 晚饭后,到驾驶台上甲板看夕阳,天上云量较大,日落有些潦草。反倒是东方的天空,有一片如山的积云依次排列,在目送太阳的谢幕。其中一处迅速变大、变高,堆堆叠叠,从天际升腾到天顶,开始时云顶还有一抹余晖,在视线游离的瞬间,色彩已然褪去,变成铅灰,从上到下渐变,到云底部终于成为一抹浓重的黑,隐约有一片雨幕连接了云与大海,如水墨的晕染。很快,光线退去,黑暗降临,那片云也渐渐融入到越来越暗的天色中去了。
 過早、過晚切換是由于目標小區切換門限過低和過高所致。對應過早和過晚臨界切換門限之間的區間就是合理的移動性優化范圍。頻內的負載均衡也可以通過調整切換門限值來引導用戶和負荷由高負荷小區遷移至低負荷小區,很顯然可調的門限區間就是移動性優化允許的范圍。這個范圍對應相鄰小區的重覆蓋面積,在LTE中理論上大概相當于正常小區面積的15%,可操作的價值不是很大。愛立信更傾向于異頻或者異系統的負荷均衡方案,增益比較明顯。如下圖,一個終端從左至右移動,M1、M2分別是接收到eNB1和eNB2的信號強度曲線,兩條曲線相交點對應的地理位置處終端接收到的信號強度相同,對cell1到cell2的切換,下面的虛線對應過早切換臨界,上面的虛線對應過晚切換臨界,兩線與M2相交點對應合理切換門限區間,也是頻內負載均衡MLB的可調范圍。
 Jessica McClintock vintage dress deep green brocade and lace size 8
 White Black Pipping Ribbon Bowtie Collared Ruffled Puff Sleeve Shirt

++++++++++

* **Work required**
In the listing above, find the line containing "過早、過晚切換是由于目標小區"; that line and every line after it, through the last, are to be retyped exactly.

* **Exercise response**
 過早、過晚切換是由于目標小區切換門限過低和過高所致。對應過早和過晚臨界切換門限之間的區間就是合理的移動性優化范圍。頻內的負載均衡也可以通過調整切換門限值來引導用戶和負荷由高負荷小區遷移至低負荷小區,很顯然可調的門限區間就是移動性優化允許的范圍。這個范圍對應相鄰小區的重覆蓋面積,在LTE中理論上大概相當于正常小區面積的15%,可操作的價值不是很大。愛立信更傾向于異頻或者異系統的負荷均衡方案,增益比較明顯。如下圖,一個終端從左至右移動,M1、M2分別是接收到eNB1和eNB2的信號強度曲線,兩條曲線相交點對應的地理位置處終端接收到的信號強度相同,對cell1到cell2的切換,下面的虛線對應過早切換臨界,上面的虛線對應過晚切換臨界,兩線與M2相交點對應合理切換門限區間,也是頻內負載均衡MLB的可調范圍。
 Jessica McClintock vintage dress deep green brocade and lace size 8
 White Black Pipping Ribbon Bowtie Collared Ruffled Puff Sleeve Shirt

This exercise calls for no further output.